Jansen — Barbieri — Takemura, «Changing Hands»

(Красота! Опять три часа ночи. У меня второй день дурацкий грипп: без температуры, но с ознобом. Надо бы остановиться и полежать недельку с книжкой

на диване. А я все еще не понимаю, куда мои заметки меня выведут и чем мне их заканчивать. Еще — ох, даже стыдно, наплюет мне, чувствую, в глаза страдающая-голодающая Расея — я должен покупать автомобиль. Он, ясное дело, дорого стоит, требует много забот и впоследствии ввергает в значительные расходы. Машина нужна, чтобы с будущей осени возить ребенка в школу. По новым постановлениям детей в школу надо отдавать в шесть лет. Десяти годов обучения, обнаружилось, недостаточно — двенадцать необходимо ваньку валять за партой. И выпуск — прямо в их позорную, подневольную, дармовую армию. Как раз до осени мне худо-бедно научиться рулить. Но пока в автомобильных делах я не понимаю ровным счетом ничего. А приобрести машину, как выяснилось, целая наука, если не хочешь выбросить деньги на ветер. У сослуживца жены конфисковали старенький джип, на котором тот проездил три года, — вдруг оказался джип в розыске Интерпола. Так что завтра с утра тащиться мне на рандеву с опытным человеком, за советами — приятель один устроил. Да я вообще не покупатель! Я терпеть не могу все, что с этим процессом связано. На жену бы переложить: сама разбирайся, ищи механика, давай объявления — и катайся потом сама. Она отказывается… Она отказывается, а мне, гриппозному, землю бодая рогами, ковылять…)

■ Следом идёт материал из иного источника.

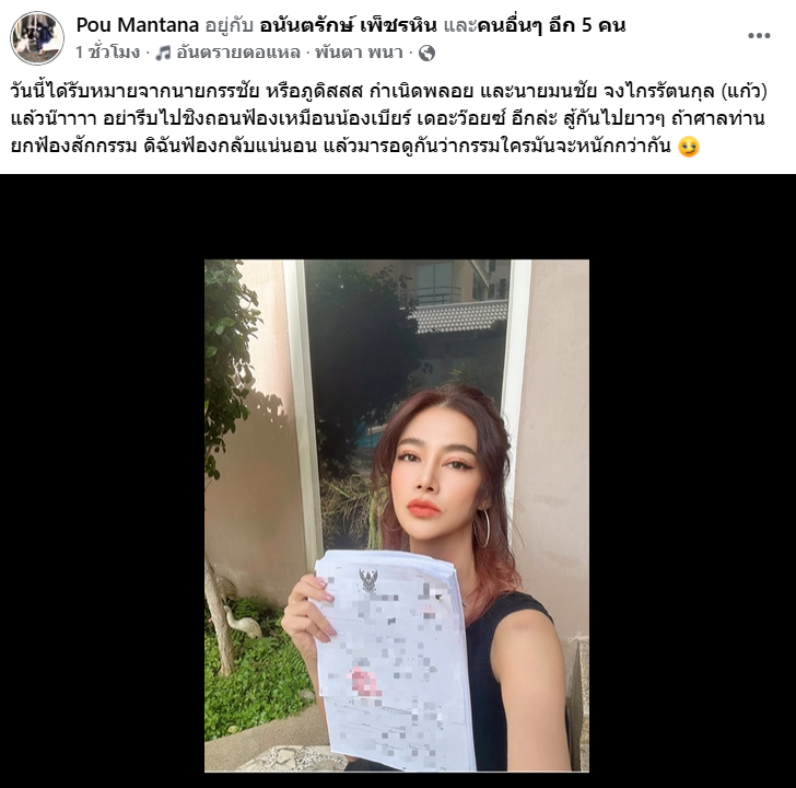 ล่าสุด “ปู” ได้หมายศาลจาก “หนุ่ม กรรชัย” โดยเธอโพสต์ข้อความว่า “วันนี้ได้รับหมายจากนายกรรชัย หรือภูดิสสส กำเนิดพลอย และนายมนชัย จงไกรรัตนกุล (แก้ว) แล้วน๊าาาา อย่ารีบไปชิงถอนฟ้องเหมือนน้องเบียร์ เดอะว๊อยซ์ อีกล่ะ สู้กันไปยาวๆ ถ้าศาลท่านยกฟ้องสักกรรม ดิฉันฟ้องกลับแน่นอน แล้วมารอดูกันว่ากรรมใครมันจะหนักกว่ากัน ”

Вряд ли общий тираж всех переведенных на сегодняшний день в России произведений Павича превышает тираж одного кирпича какого-нибудь Фридриха Незнанского. Да и по разряду интеллектуальных бестселлеров Павич, полагаю, приблизительно на равных потягается с Пелевиным. Но популярность Павича совсем иного рода. С Незнанским, как и с любым другим подобным собирательным (или не собирательным) персонажем, в принципе, все ясно: они занимают вполне определенную нишу, выполняют то, чего от них ждут, и ни на что другое, кроме денег, не претендуют (будем по крайней мере надеяться). Из Пелевина СМИ делают модного литератора — однако не делают культового (очень показательно: когда Пелевин наконец-то дает хулиганское интервью журналу «Вог», журналистка чуть ли не третьим вопросом интересуется у писателя-радикала, где он приобретает шмотки: культовому деятелю — даже если он не писатель, а рок-музыкант или актер — такого вопроса никак нельзя адресовать, ему по определению не до мишуры, ему отведены в массовом сознании куда более важные задачи). Поскольку слово «модный» почти ничего не означает, оно всех и устраивает, позволяя Пелевину существовать как бы отдельно от нынешней русской словесности, а словесности — от него. Ну и ладушки. А в это время, стоит отступить буквально на шаг от старых добрых толстых литературных журналов в сторону СМИ — газет, журналов глянцевых, Интернета, — как тень Милорада Павича, парящего в сером славянском небе, зажавши в зубах «Хазарский словарь», начинает маячить в перспективе подавляющего большинства суждений о современной некоммерческой русской прозе. Тип дискурса (пускай не всюду приведенного к речи, но легко восстанавливаемого из окольных высказываний): ну что вы пыжитесь, зачем?! Ведь дадена уже вам Книга! Все одно, рядом с нею даже лучший из вас заведомо скучен, как жизнь рядового сорокалетнего инженера, и плосок, как рыба камбала. Раньше такое же место — идеала-пугала — занимали у нас Платонов и Набоков. Но они не совсем подходили, потому что ежедневно сравнивать живущих современников с неживущими классиками, каковых к тому же в ранг классиков назначили не журналисты, а время, — как-то глупо, и даже глянцевые обозреватели не чувствовать этого не могли. А вот Павич — по крайней мере тот Павич, что создан всецело журналистами, — отлично годится. Тем более, что и процесс его ускоряющегося бронзовения журналисты, казалось бы, крепко держат в своих руках (не замечая, что Павич еще крепче держит в своих — самих журналистов).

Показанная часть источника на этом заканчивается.